For some reason, our front office went through a stretch (and still are I fear) where they feel they need a top notch RB to be successful, and they keep drafting running backs when we dont need one.

 

In 2003 we had Travis Henry. No need to take a luxury pick on Willis McGahee. Sure he turned out good, but we didnt need to do that.

In 2007 we had McGahee, yet we drafted Marshawn Lynch.

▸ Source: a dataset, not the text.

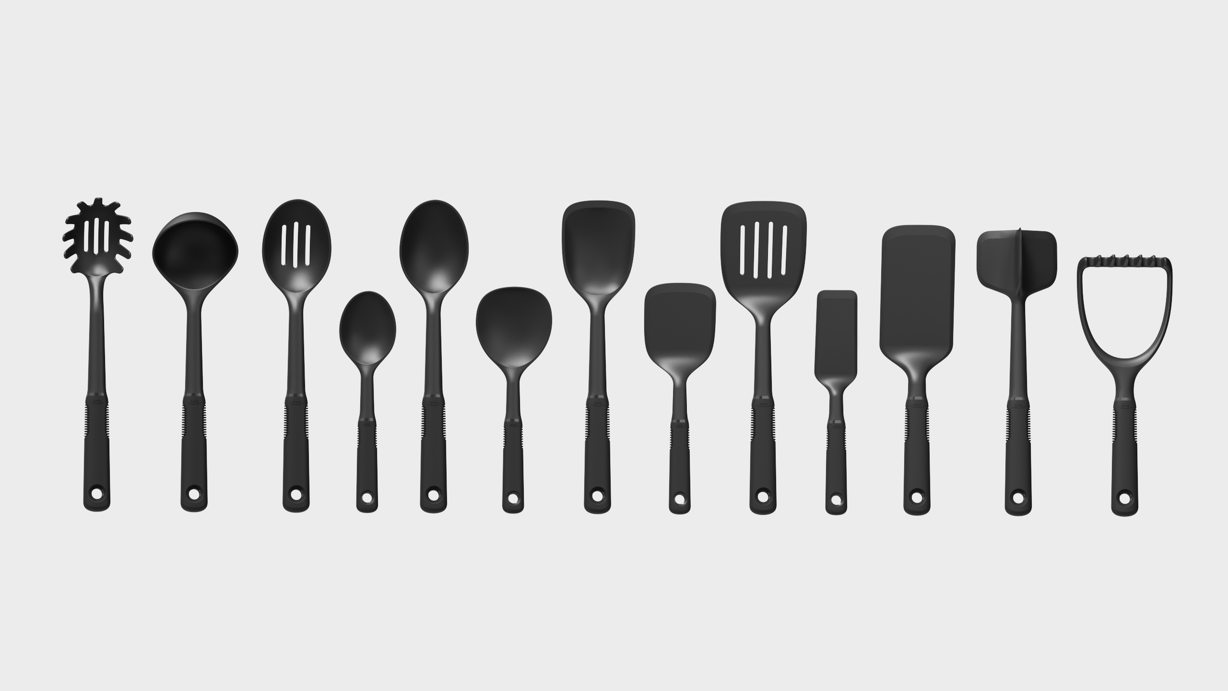 OXO needed to refresh its core Nylon Utensil line to make it cohesive with the evolved design language and improve the construction. This included the addition of a Potato Masher, Ground Meat Chopper, Griddle Turner, and Saute Spoon. We also developed a new set of mini utensils for smaller cooking tasks, including a Rice Scoop and Cut and Serve Turner. I designed the new set of utensils to feel cohesive with our new visual brand language while considering the functional needs of each individual product.

In 2010 we take CJ Spiller...yet we had Lynch & Fred Jackson.

 

If the trend continues...We are due for a 1st round RB pick in 2014! Or we can just use FA pickups at RB. My god, look at how many low-draft pick RBs are dominating in this league. You dont need first round RBs anymore (unless they are the elite Peterson type backs).

 

This is probably my biggest grip about the front offices of the past. When was the last time you ever heard a team in the NFL say "you know what...we really need to find us a good RB...our RB play is KILLING us"?! Never! Because anyone with a pulse can run through a hole if it exists.

 

Running backs have long been and probably always will be a dime-a-dozen. I think it's pretty much accepted now by Bills fans that you don't build a team around RB's and DB's. I can't say that was the case even 5 years ago, but after using half of their first picks in every draft on the merger on those positions people finally seem to understand.

 

One thing though........they didn't have McGahee when they drafted Lynch. They traded McGahee first. McGahee was all about getting paid and he was entering his walk year and I was adamant at the time that he was going to have a HUGE season. I felt it was going to be a 1500 yard year......which was exactly what they needed. Instead they used their important first round pick on another RB and gave McGahee away.